### Exercise directions
Starting with the line that holds "сказать, что несмотря" and stopping after the line that holds "按照非快充類純電動(dòng", repeat the lines below word for word, without the pictures.

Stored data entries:
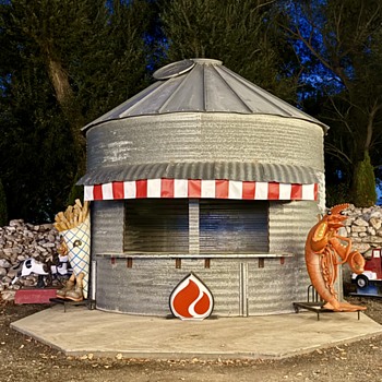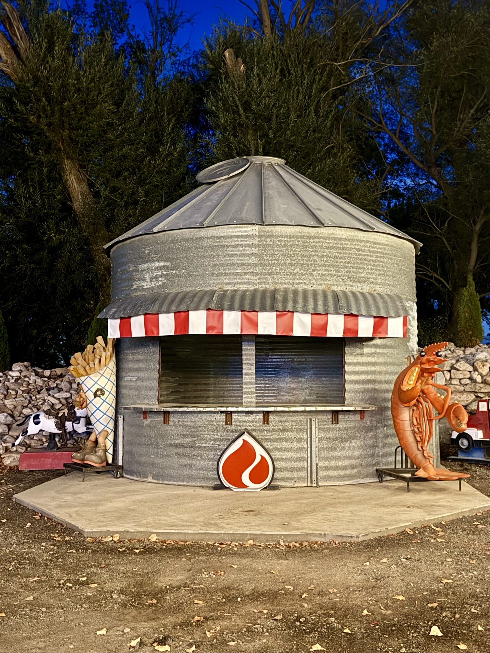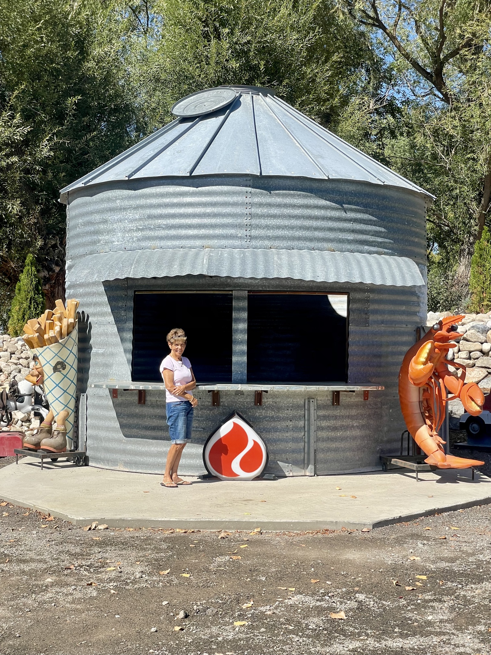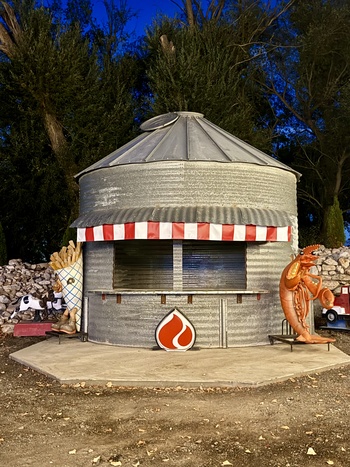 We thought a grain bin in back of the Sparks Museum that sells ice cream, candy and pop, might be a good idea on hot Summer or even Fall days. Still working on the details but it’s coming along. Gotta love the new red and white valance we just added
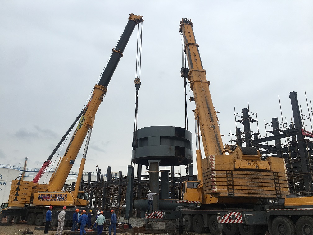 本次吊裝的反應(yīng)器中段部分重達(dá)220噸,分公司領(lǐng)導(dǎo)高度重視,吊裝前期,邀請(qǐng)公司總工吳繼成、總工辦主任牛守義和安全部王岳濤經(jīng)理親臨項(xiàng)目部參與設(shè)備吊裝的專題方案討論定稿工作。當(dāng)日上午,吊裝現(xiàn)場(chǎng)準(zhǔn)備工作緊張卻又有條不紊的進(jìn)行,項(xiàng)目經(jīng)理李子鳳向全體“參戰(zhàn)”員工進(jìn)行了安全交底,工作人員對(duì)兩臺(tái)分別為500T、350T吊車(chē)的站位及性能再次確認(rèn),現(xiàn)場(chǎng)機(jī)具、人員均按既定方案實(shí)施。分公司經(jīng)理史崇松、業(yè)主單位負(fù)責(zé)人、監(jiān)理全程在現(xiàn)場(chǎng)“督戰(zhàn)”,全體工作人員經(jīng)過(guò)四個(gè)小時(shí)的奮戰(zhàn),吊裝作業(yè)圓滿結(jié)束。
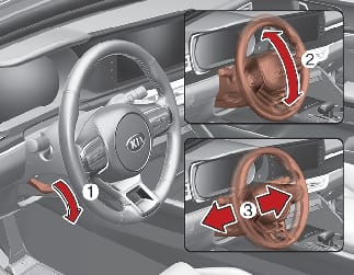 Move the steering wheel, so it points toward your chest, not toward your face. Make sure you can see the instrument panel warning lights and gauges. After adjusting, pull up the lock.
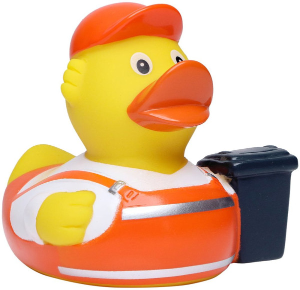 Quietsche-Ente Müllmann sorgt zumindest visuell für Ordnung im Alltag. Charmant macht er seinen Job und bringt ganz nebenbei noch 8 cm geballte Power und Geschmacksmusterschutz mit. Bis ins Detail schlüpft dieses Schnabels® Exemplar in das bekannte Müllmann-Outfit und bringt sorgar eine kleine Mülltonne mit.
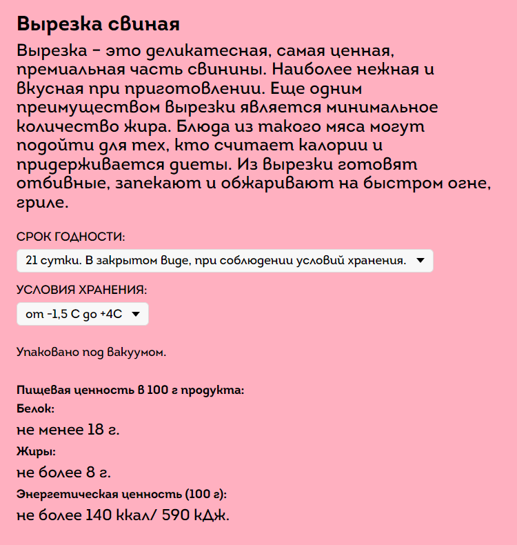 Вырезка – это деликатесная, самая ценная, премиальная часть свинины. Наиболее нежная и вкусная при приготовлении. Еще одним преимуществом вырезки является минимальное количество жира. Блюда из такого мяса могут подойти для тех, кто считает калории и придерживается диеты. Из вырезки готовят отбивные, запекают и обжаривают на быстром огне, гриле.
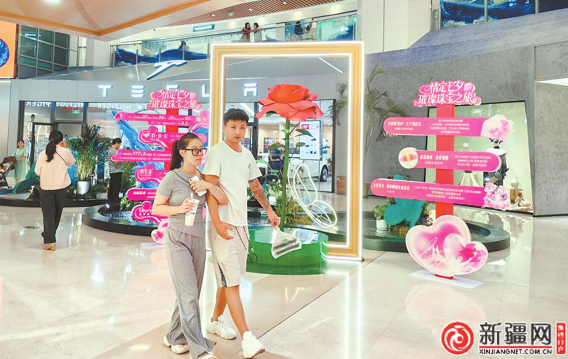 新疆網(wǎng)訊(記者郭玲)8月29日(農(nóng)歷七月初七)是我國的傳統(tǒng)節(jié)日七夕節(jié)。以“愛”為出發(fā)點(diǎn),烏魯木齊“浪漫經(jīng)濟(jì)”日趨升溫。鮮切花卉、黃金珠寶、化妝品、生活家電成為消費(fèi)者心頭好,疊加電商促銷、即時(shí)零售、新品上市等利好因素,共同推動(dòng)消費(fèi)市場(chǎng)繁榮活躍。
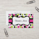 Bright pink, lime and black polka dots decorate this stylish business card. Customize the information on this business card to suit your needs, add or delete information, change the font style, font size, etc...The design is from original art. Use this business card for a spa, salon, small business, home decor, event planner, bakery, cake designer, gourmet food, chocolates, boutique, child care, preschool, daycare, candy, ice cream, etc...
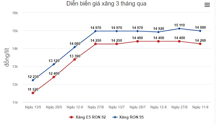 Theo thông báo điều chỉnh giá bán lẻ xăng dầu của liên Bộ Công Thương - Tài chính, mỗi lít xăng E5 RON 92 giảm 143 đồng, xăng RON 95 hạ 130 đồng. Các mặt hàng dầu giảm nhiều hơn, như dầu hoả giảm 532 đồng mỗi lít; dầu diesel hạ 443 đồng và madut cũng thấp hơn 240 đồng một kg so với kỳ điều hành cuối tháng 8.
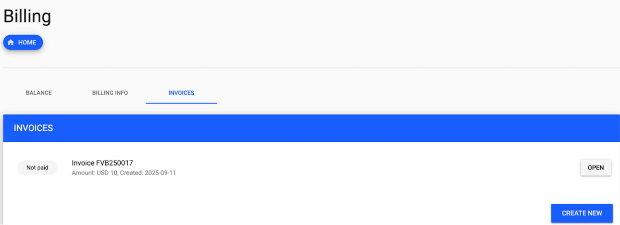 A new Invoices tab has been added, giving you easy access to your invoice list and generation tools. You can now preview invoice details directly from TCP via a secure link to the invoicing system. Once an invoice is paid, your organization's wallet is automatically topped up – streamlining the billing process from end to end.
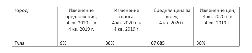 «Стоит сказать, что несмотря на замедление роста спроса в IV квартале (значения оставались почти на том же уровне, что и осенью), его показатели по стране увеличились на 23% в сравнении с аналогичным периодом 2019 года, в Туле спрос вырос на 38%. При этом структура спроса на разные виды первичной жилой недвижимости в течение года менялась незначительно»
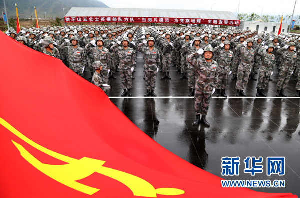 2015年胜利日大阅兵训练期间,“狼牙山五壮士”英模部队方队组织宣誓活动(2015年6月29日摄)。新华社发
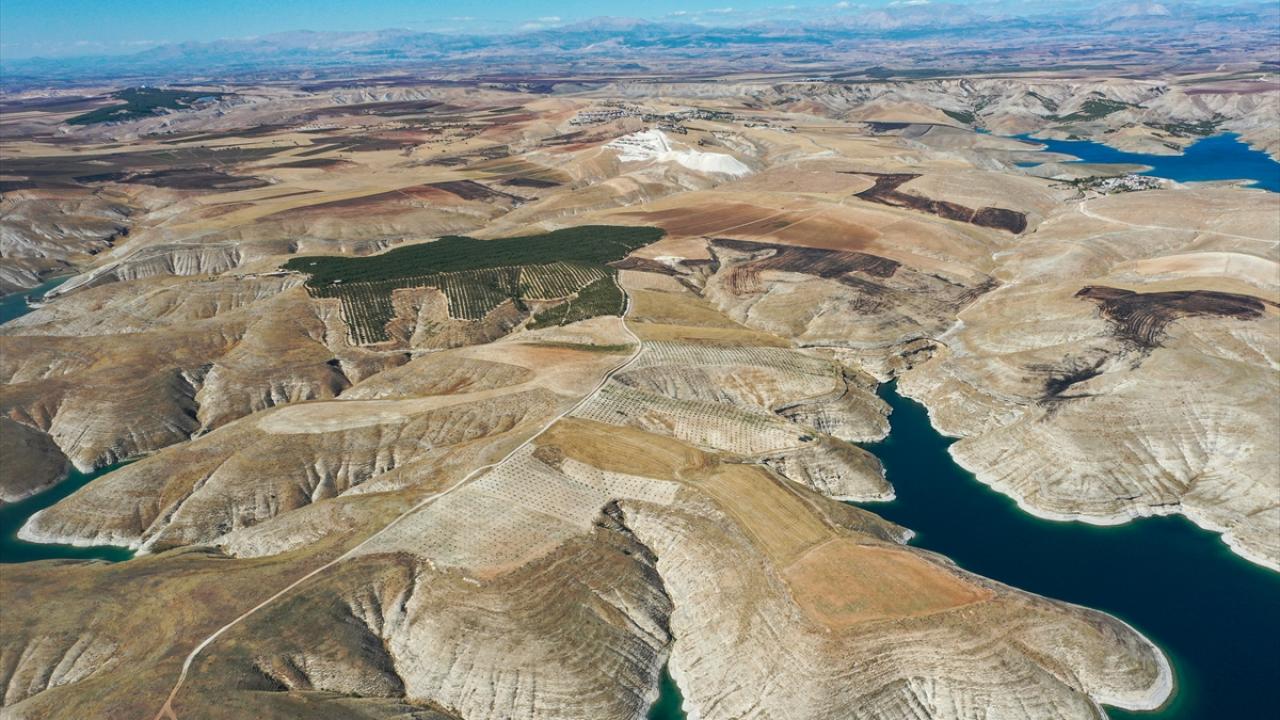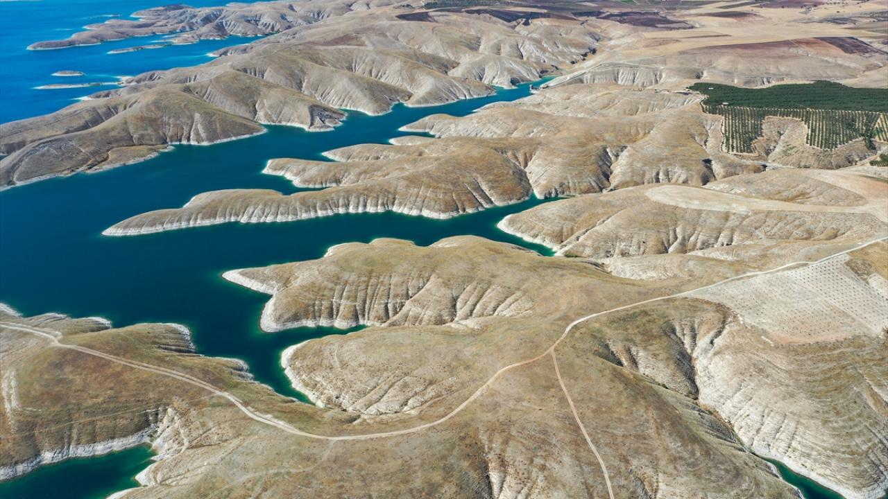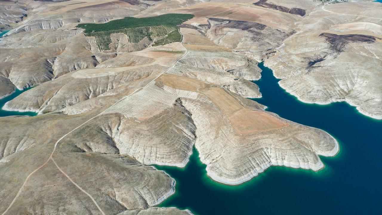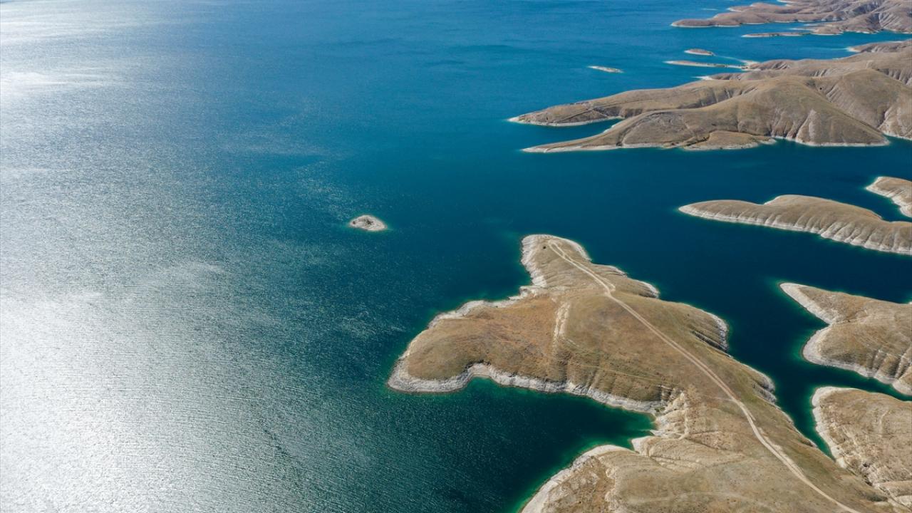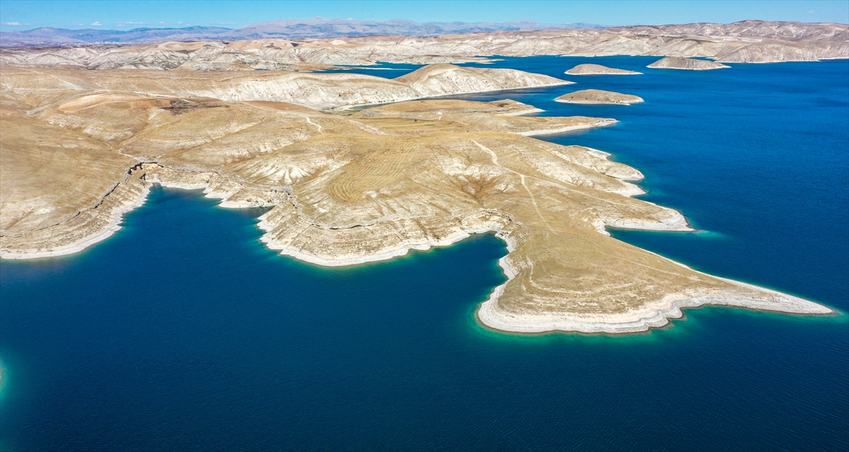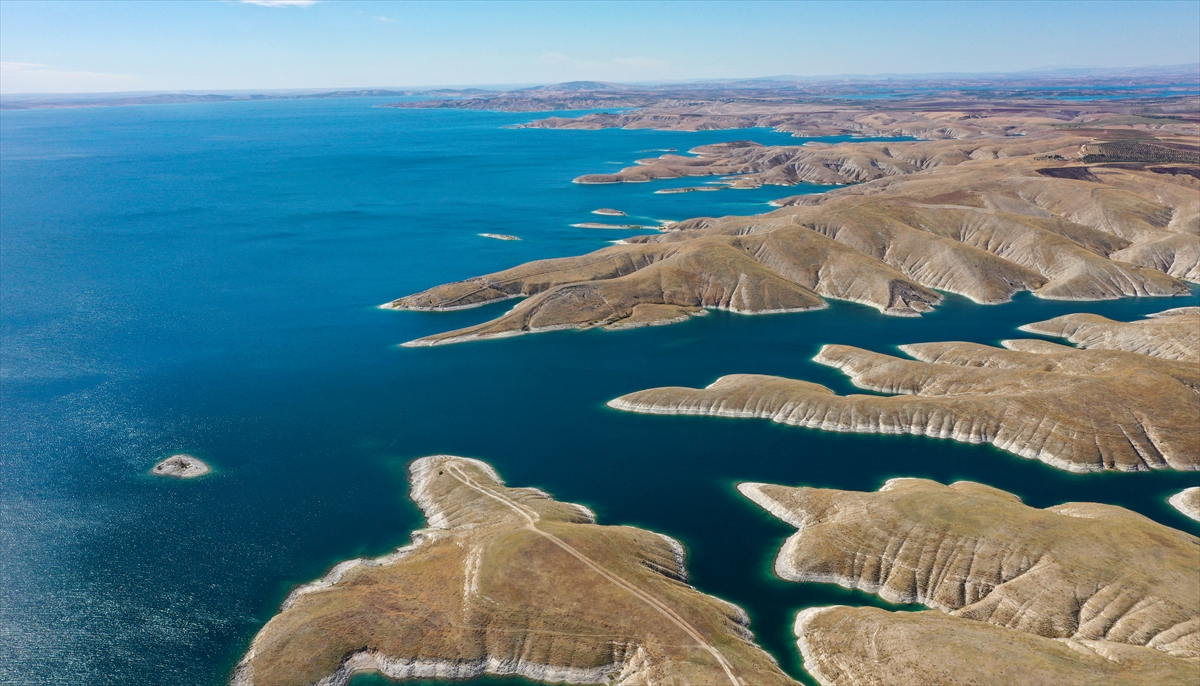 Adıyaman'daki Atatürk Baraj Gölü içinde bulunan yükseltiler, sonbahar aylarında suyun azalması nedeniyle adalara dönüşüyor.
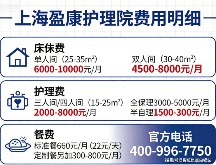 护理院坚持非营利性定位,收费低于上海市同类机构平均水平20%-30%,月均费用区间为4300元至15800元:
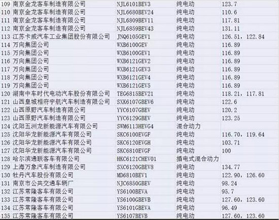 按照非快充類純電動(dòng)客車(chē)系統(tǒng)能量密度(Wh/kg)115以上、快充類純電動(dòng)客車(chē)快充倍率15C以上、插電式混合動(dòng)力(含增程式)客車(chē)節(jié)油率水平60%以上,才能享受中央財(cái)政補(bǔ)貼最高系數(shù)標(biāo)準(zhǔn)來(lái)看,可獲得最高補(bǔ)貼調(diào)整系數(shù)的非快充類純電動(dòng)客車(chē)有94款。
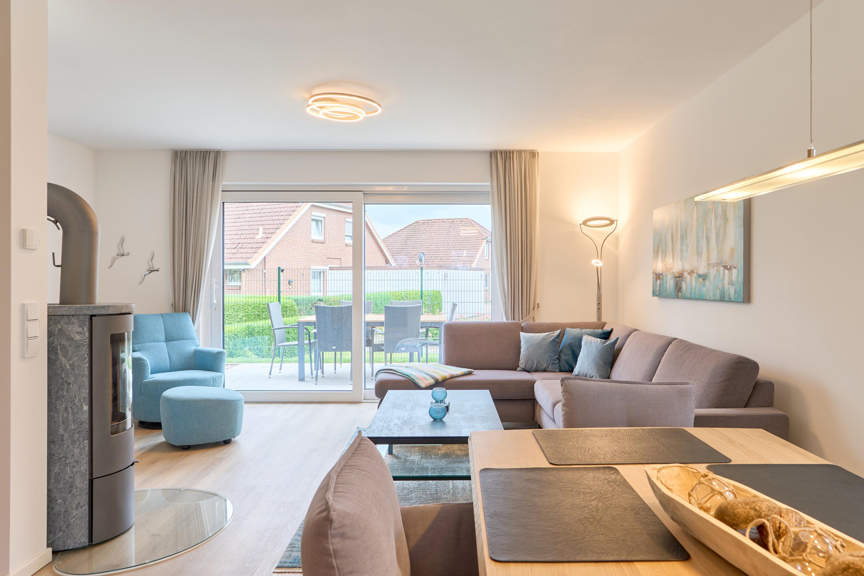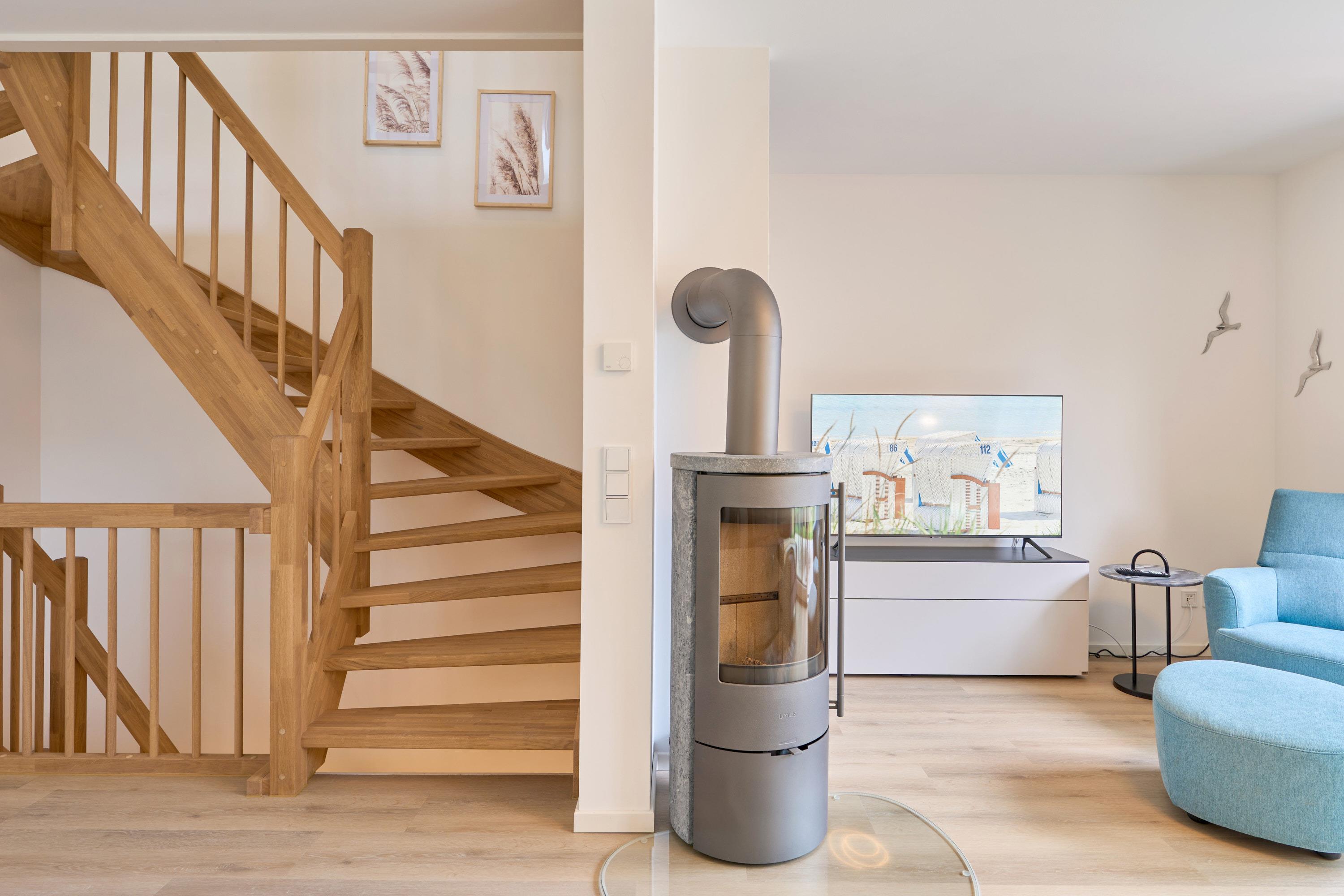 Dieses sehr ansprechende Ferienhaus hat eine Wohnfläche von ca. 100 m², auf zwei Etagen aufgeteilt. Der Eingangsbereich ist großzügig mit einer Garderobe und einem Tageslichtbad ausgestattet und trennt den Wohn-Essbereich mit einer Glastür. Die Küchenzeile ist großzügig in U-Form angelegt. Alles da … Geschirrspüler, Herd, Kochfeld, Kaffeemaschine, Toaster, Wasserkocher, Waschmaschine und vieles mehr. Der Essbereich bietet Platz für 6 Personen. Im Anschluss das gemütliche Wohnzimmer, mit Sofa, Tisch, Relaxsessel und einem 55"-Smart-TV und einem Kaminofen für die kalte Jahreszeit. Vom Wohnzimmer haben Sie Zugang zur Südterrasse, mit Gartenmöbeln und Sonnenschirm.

### Answer area
 «Стоит сказать, что несмотря на замедление роста спроса в IV квартале (значения оставались почти на том же уровне, что и осенью), его показатели по стране увеличились на 23% в сравнении с аналогичным периодом 2019 года, в Туле спрос вырос на 38%. При этом структура спроса на разные виды первичной жилой недвижимости в течение года менялась незначительно»
 2015年胜利日大阅兵训练期间,“狼牙山五壮士”英模部队方队组织宣誓活动(2015年6月29日摄)。新华社发
 Adıyaman'daki Atatürk Baraj Gölü içinde bulunan yükseltiler, sonbahar aylarında suyun azalması nedeniyle adalara dönüşüyor.
 护理院坚持非营利性定位,收费低于上海市同类机构平均水平20%-30%,月均费用区间为4300元至15800元:
 按照非快充類純電動(dòng)客車(chē)系統(tǒng)能量密度(Wh/kg)115以上、快充類純電動(dòng)客車(chē)快充倍率15C以上、插電式混合動(dòng)力(含增程式)客車(chē)節(jié)油率水平60%以上,才能享受中央財(cái)政補(bǔ)貼最高系數(shù)標(biāo)準(zhǔn)來(lái)看,可獲得最高補(bǔ)貼調(diào)整系數(shù)的非快充類純電動(dòng)客車(chē)有94款。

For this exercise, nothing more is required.